Transcribe all the entries word for word, but omit the images.

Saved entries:
▼▼▼

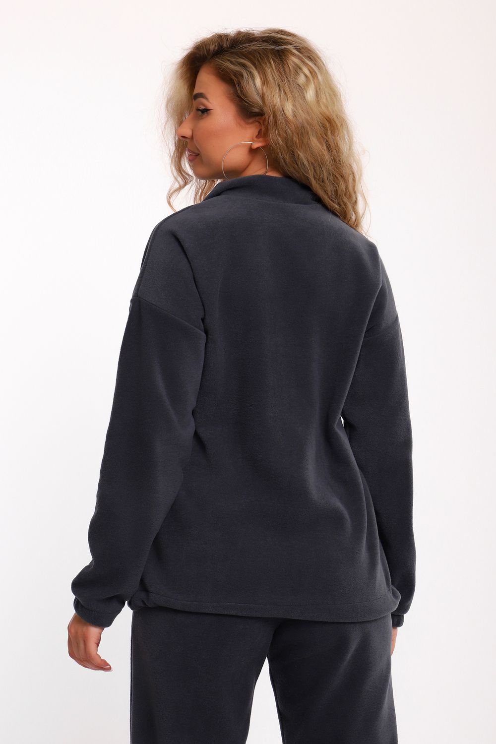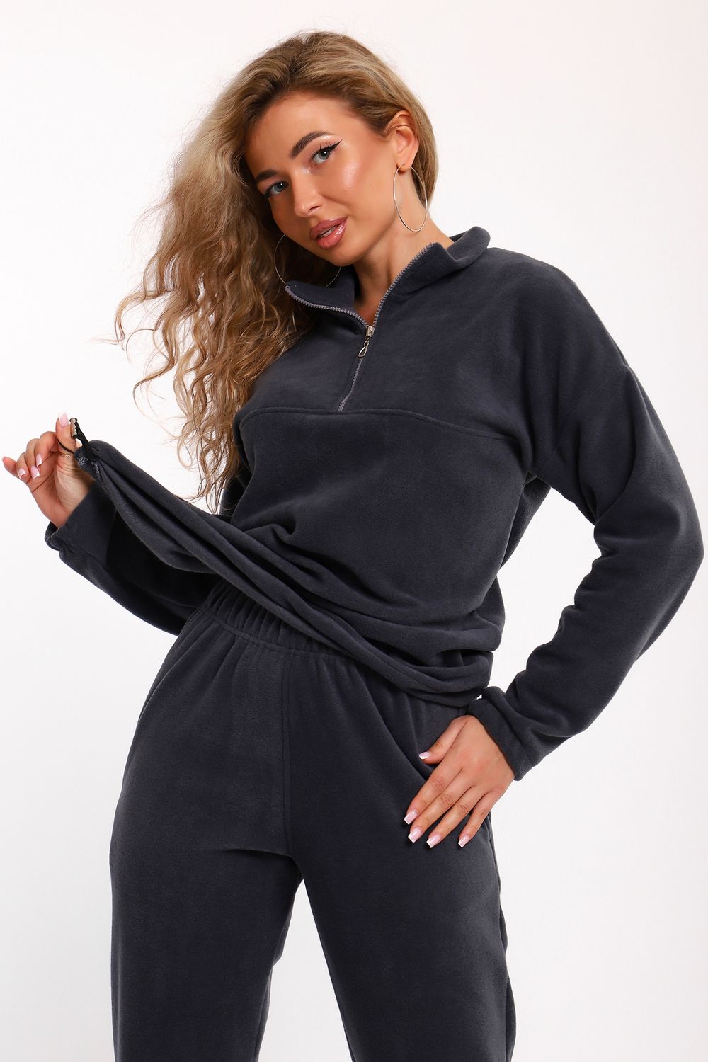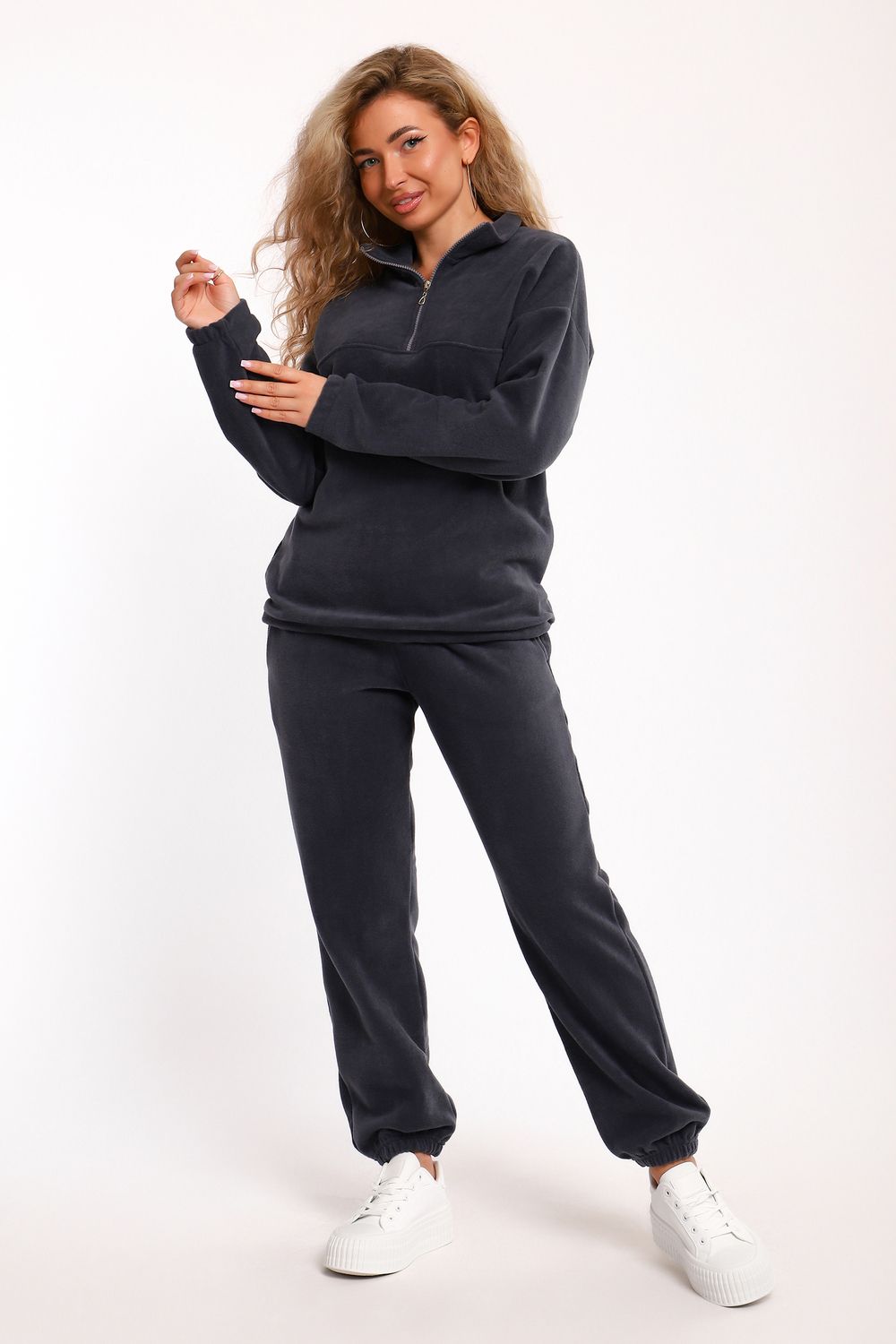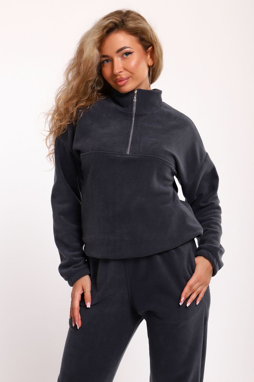 Костюм женский флисовый состоит из толстовки и брюк. Толстовка с кокеткой, на молнии, с воротником-стойкой, рукав спущенный внизу на резинке. Брюки с карманами, внизу на резинке. Костюм мягкий, теплый, удобный, идеально подойдет для прогулок и отдыха в прохладное время года. Молния может отличаться по цвету.
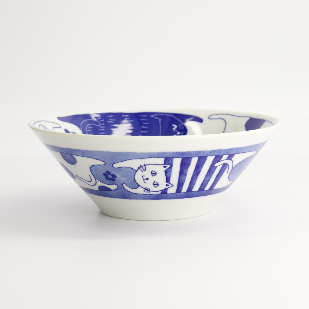 Questa ciotola in ceramica raffigura una serie di gatti di tutti i colori che si alternano e si inseguono.
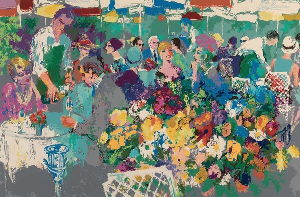 Editor: LeRoy Neiman's "Stud Poker," painted in 1980 using acrylics, explodes with color and energy. The whole scene is a blur, but you can sense the tension and excitement in the room. What underlying stories and cultural moments do you see represented in this bustling image? Curator: For me, it speaks volumes about spectacle and the cultural performance of masculinity. Look at the symbols: cards, chips, cigars. These aren't just objects, they are shorthand for risk, reward, and social posturing that's historically tied to male-dominated spaces. Do you notice how Neiman blurs the line between observation and participation? Editor: Absolutely. There's a feeling that we're not just looking *at* a poker game, but experiencing its intensity firsthand. It reminds me a bit of Degas and his scenes of social life. Is Neiman engaging with similar themes of documenting a slice of modern existence? Curator: In a way, yes, but with a crucial difference. Degas often observed from a distance, whereas Neiman dives right into the sensory overload. The brushstrokes become almost aggressive, echoing the aggressive energy of the game. Think of the poker game not just as a pastime but as a microcosm of societal power dynamics. Consider that poker in particular holds such potent symbols for many people; how else would you express the same emotional or intellectual weight? Editor: That makes me think about how these scenes are portrayed so often in film, not only fine art. They've almost become tropes, referencing something about chance encounters and the 'game of life' as they play out in the human drama. Curator: Exactly! Neiman recognized and amplified those readily accessible associations, imbuing them with a vibrancy that's uniquely his. A key quality for cultural memories. Editor: It's fascinating how a seemingly straightforward scene can unpack so many layers of cultural meaning. Curator: Precisely. Images are rarely ever just "images." They are vessels carrying lifetimes of symbolic meaning and interpretation.
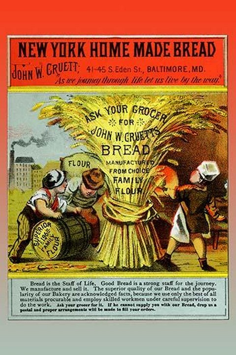 This color advertisement from the late 1800’s requested one to ‘Ask your grocer for John W. Cruetts Bread.’ The picture features all the stages from gathering the wheat to milling the flower and finally baking the bread.Unknown Date/USA
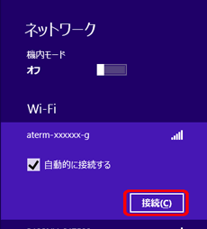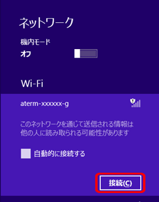 接続する無線LAN親機のネットワーク名(SSID)を選択し[接続]をクリックする |
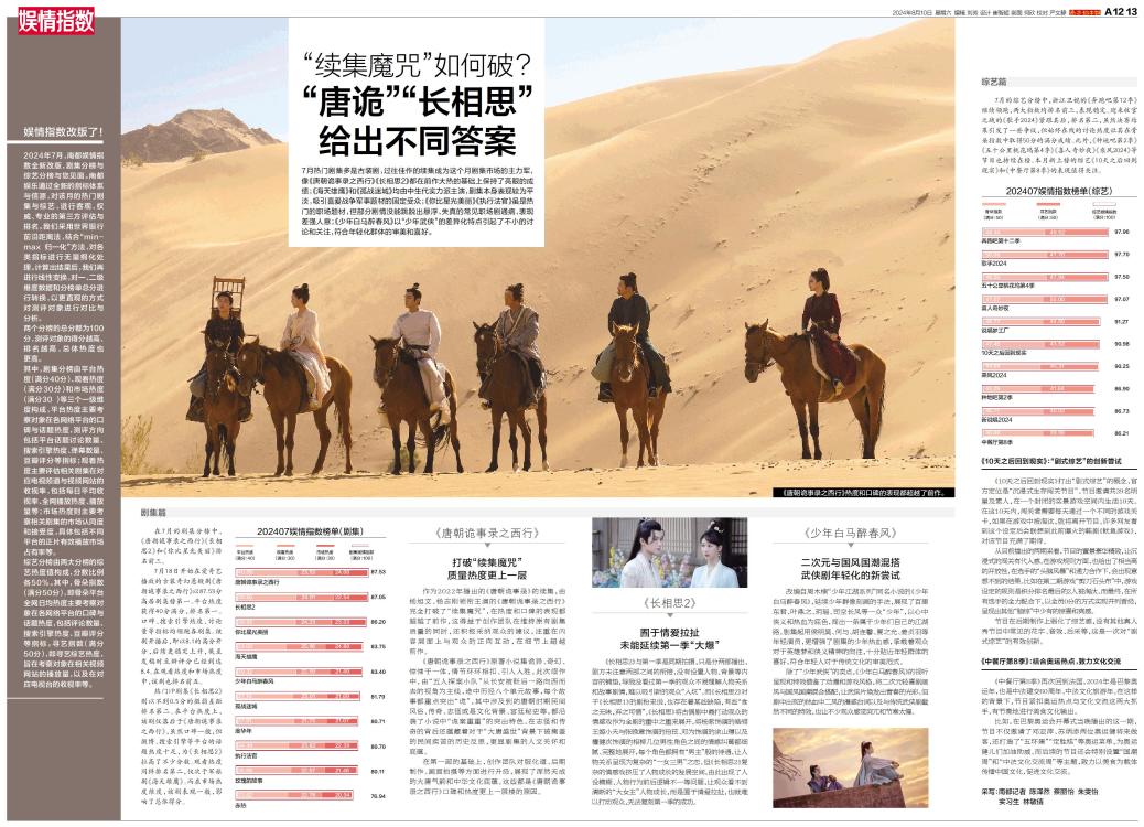 2024年7月,南都娱情指数全新改版,剧集分榜与综艺分榜与您见面。
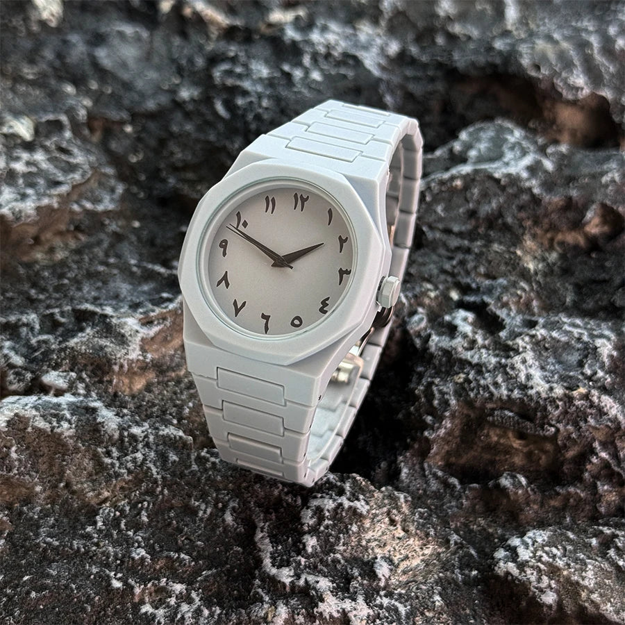 A crisp, monochrome take on everyday timekeeping. Qamar sets a clean Arabic‑numeral dial inside a slim, integrated silhouette, driven by a reliable quartz movement that keeps your day perfectly paced.
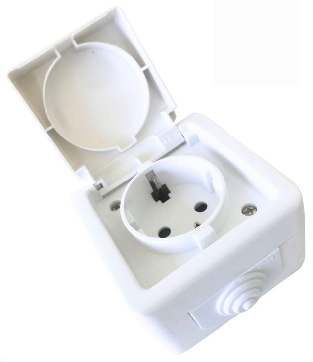 BASE DE SUPERFICIE EXTERIOR IP54 DE 10A. 250V. BLANCA. DE F-LINE.
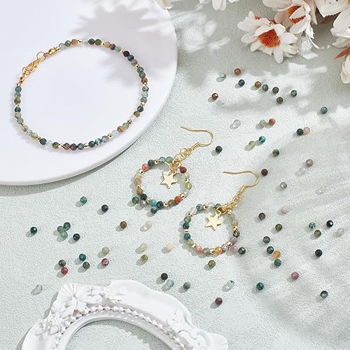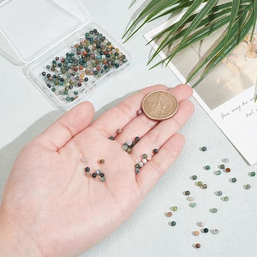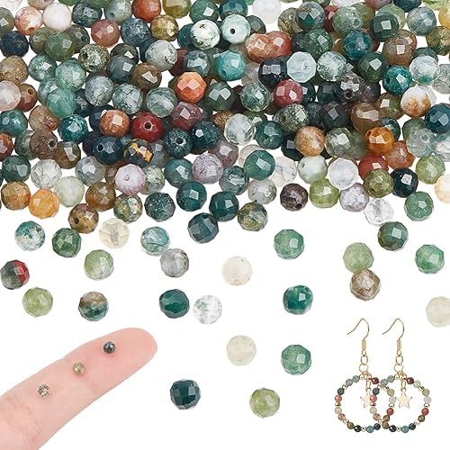 NBEADS Environ 272 Pcs Perles D'Agate Indiennes Naturelles, 3mm Perles en Pierres Précieuses Naturelles Perles Rondes à Facettes en Vrac pour la Fabrication de Colliers Bracelets Bijoux Trou: 0.8mm

▲▲▲

(Reply to the task):
 Костюм женский флисовый состоит из толстовки и брюк. Толстовка с кокеткой, на молнии, с воротником-стойкой, рукав спущенный внизу на резинке. Брюки с карманами, внизу на резинке. Костюм мягкий, теплый, удобный, идеально подойдет для прогулок и отдыха в прохладное время года. Молния может отличаться по цвету.
 Questa ciotola in ceramica raffigura una serie di gatti di tutti i colori che si alternano e si inseguono.
 Editor: LeRoy Neiman's "Stud Poker," painted in 1980 using acrylics, explodes with color and energy. The whole scene is a blur, but you can sense the tension and excitement in the room. What underlying stories and cultural moments do you see represented in this bustling image? Curator: For me, it speaks volumes about spectacle and the cultural performance of masculinity. Look at the symbols: cards, chips, cigars. These aren't just objects, they are shorthand for risk, reward, and social posturing that's historically tied to male-dominated spaces. Do you notice how Neiman blurs the line between observation and participation? Editor: Absolutely. There's a feeling that we're not just looking *at* a poker game, but experiencing its intensity firsthand. It reminds me a bit of Degas and his scenes of social life. Is Neiman engaging with similar themes of documenting a slice of modern existence? Curator: In a way, yes, but with a crucial difference. Degas often observed from a distance, whereas Neiman dives right into the sensory overload. The brushstrokes become almost aggressive, echoing the aggressive energy of the game. Think of the poker game not just as a pastime but as a microcosm of societal power dynamics. Consider that poker in particular holds such potent symbols for many people; how else would you express the same emotional or intellectual weight? Editor: That makes me think about how these scenes are portrayed so often in film, not only fine art. They've almost become tropes, referencing something about chance encounters and the 'game of life' as they play out in the human drama. Curator: Exactly! Neiman recognized and amplified those readily accessible associations, imbuing them with a vibrancy that's uniquely his. A key quality for cultural memories. Editor: It's fascinating how a seemingly straightforward scene can unpack so many layers of cultural meaning. Curator: Precisely. Images are rarely ever just "images." They are vessels carrying lifetimes of symbolic meaning and interpretation.
 This color advertisement from the late 1800’s requested one to ‘Ask your grocer for John W. Cruetts Bread.’ The picture features all the stages from gathering the wheat to milling the flower and finally baking the bread.Unknown Date/USA
 接続する無線LAN親機のネットワーク名(SSID)を選択し[接続]をクリックする |
 2024年7月,南都娱情指数全新改版,剧集分榜与综艺分榜与您见面。
 A crisp, monochrome take on everyday timekeeping. Qamar sets a clean Arabic‑numeral dial inside a slim, integrated silhouette, driven by a reliable quartz movement that keeps your day perfectly paced.
 BASE DE SUPERFICIE EXTERIOR IP54 DE 10A. 250V. BLANCA. DE F-LINE.
 NBEADS Environ 272 Pcs Perles D'Agate Indiennes Naturelles, 3mm Perles en Pierres Précieuses Naturelles Perles Rondes à Facettes en Vrac pour la Fabrication de Colliers Bracelets Bijoux Trou: 0.8mm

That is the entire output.